# Work to complete
Return the records exactly as they appear below, omitting the pictures.

[[ Supplied material, beginning ]]

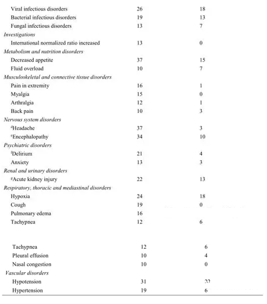 調查:血肌酐升高(7%),活化部分凝血活酶時間延長(6%)
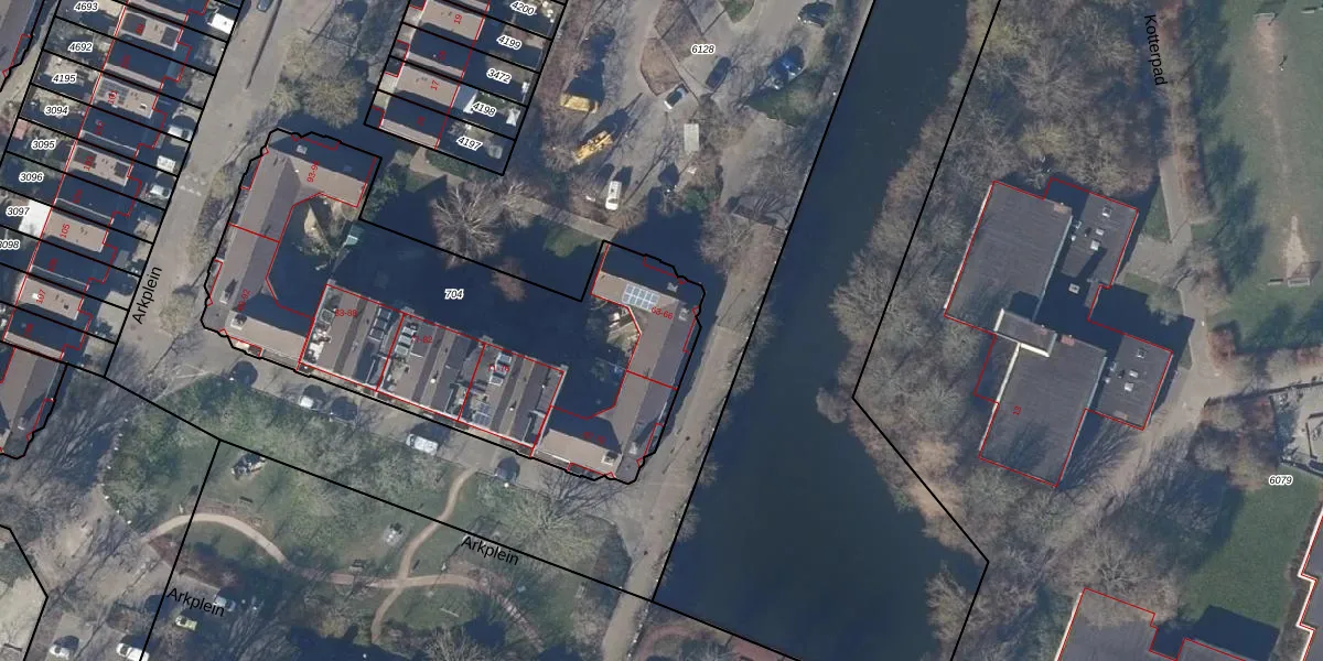 Het perceel waarop Arkplein 65 staat heeft een oppervlakte van 2103 m². Dit is een zeer groot perceel. De perceeloppervlakte wordt geregistreerd door het Kadaster. Gedetailleerde informatie over de maten van dit perceel kunt u vinden in het rapport Kadastrale kaart met maatvoering van Arkplein 65.
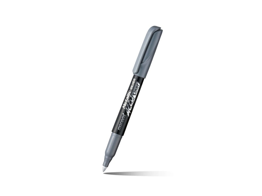 MONAMI Accu Liner Metallic je stříbrný permanentní popisovač s metalickým efektem určený pro výrazné psaní, značení a dekorování. Kulatý hrot se stopou 1,7 mm je vhodný pro čitelné popisky a nápisy, které mají být dobře vidět i na tmavých papírech. Inkoust na bázi alkoholu je permanentní, nesmyvatelný a voděodolný, takže se hodí i pro použití na řadě běžných materiálů.
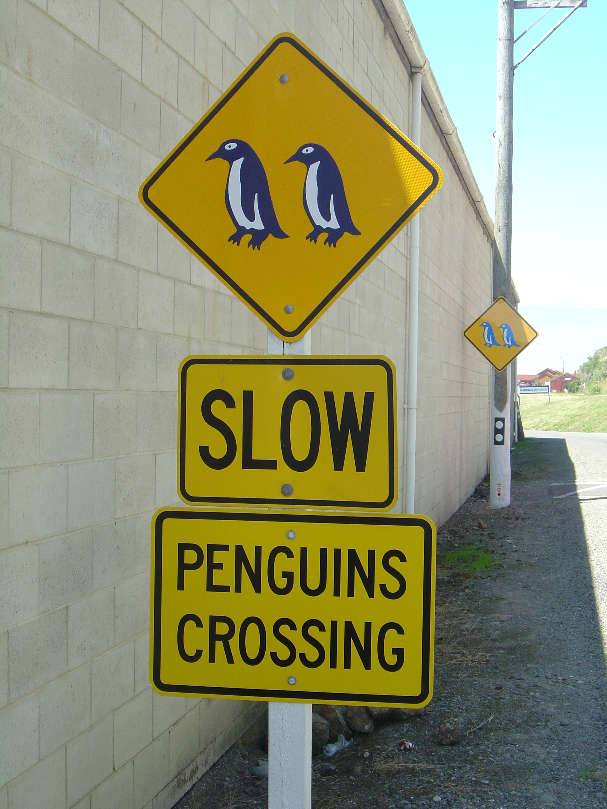 Señal de tráfico indicando precaución por pingüinos, Nueva Zelanda
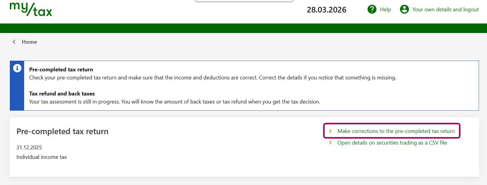 From 14 April on, when you log in to MyTax you will activate Suomi.fi Messages. Tax correspondence will be delivered electronically only, in MyTax. Read more about the changes.
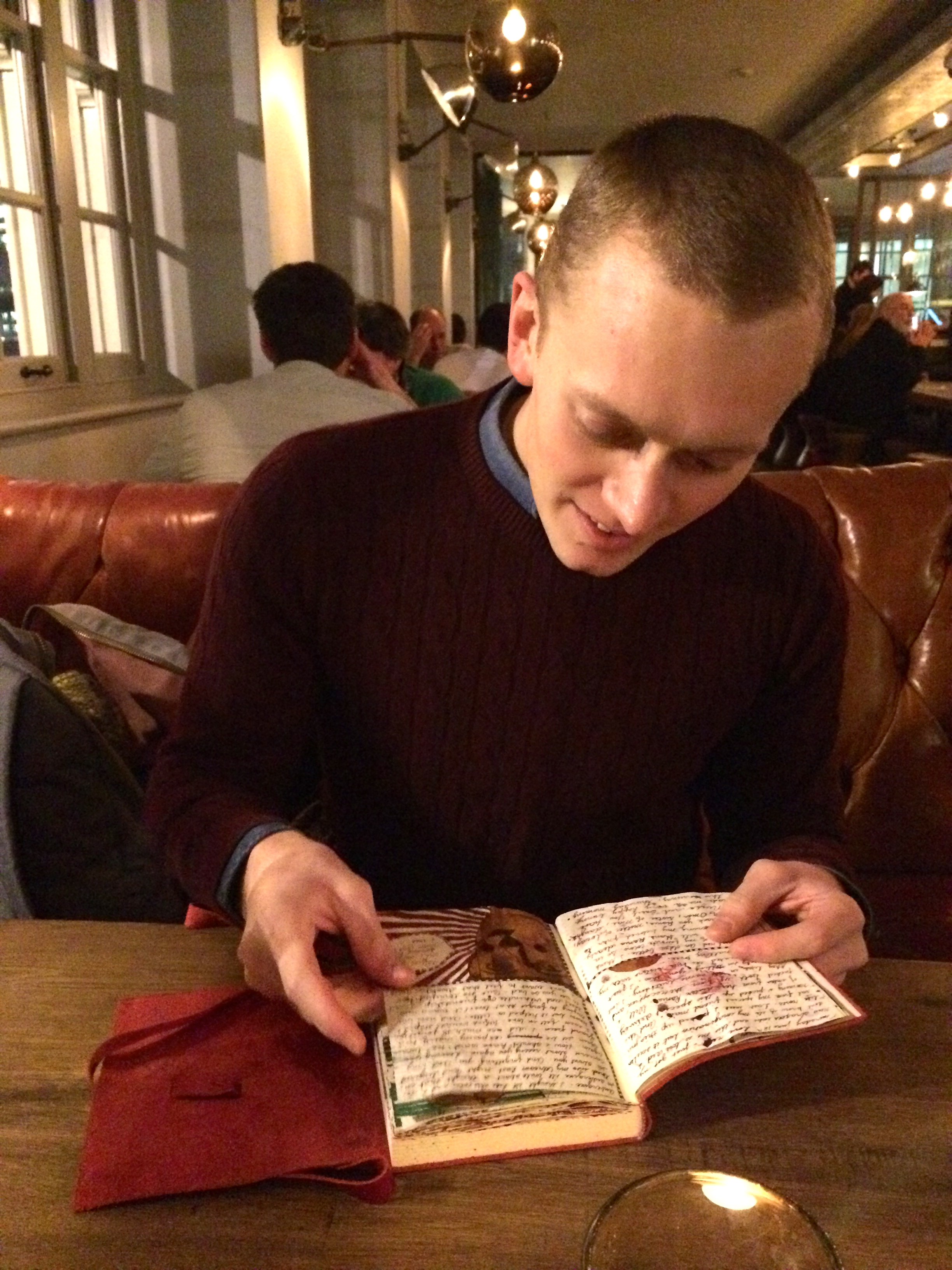 robert (or rob, bob or bobby) flips through my journal at the swan pub near shakespeare’s globe theatre
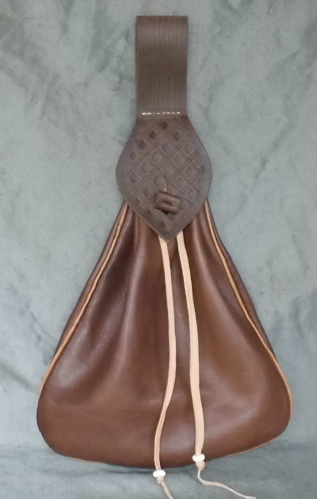 This belt bag is made from brown goat and calf skin with tan piping and is stitched by hand. The design for this bag comes from illustrations in Boccaccio's Decameron 1430 and is a common style in the 15th and 16th century. It has a draw string bag that is held closed with a button flap and hangs from a belt loop. The drawstrings have hand made beads on the ends. The belt loop and button flap are decorated with incised lines and stamped tooling.

[[ Supplied material, end ]]

# Solution to the exercise
 調查:血肌酐升高(7%),活化部分凝血活酶時間延長(6%)
 Het perceel waarop Arkplein 65 staat heeft een oppervlakte van 2103 m². Dit is een zeer groot perceel. De perceeloppervlakte wordt geregistreerd door het Kadaster. Gedetailleerde informatie over de maten van dit perceel kunt u vinden in het rapport Kadastrale kaart met maatvoering van Arkplein 65.
 MONAMI Accu Liner Metallic je stříbrný permanentní popisovač s metalickým efektem určený pro výrazné psaní, značení a dekorování. Kulatý hrot se stopou 1,7 mm je vhodný pro čitelné popisky a nápisy, které mají být dobře vidět i na tmavých papírech. Inkoust na bázi alkoholu je permanentní, nesmyvatelný a voděodolný, takže se hodí i pro použití na řadě běžných materiálů.
 Señal de tráfico indicando precaución por pingüinos, Nueva Zelanda
 From 14 April on, when you log in to MyTax you will activate Suomi.fi Messages. Tax correspondence will be delivered electronically only, in MyTax. Read more about the changes.
 robert (or rob, bob or bobby) flips through my journal at the swan pub near shakespeare’s globe theatre
 This belt bag is made from brown goat and calf skin with tan piping and is stitched by hand. The design for this bag comes from illustrations in Boccaccio's Decameron 1430 and is a common style in the 15th and 16th century. It has a draw string bag that is held closed with a button flap and hangs from a belt loop. The drawstrings have hand made beads on the ends. The belt loop and button flap are decorated with incised lines and stamped tooling.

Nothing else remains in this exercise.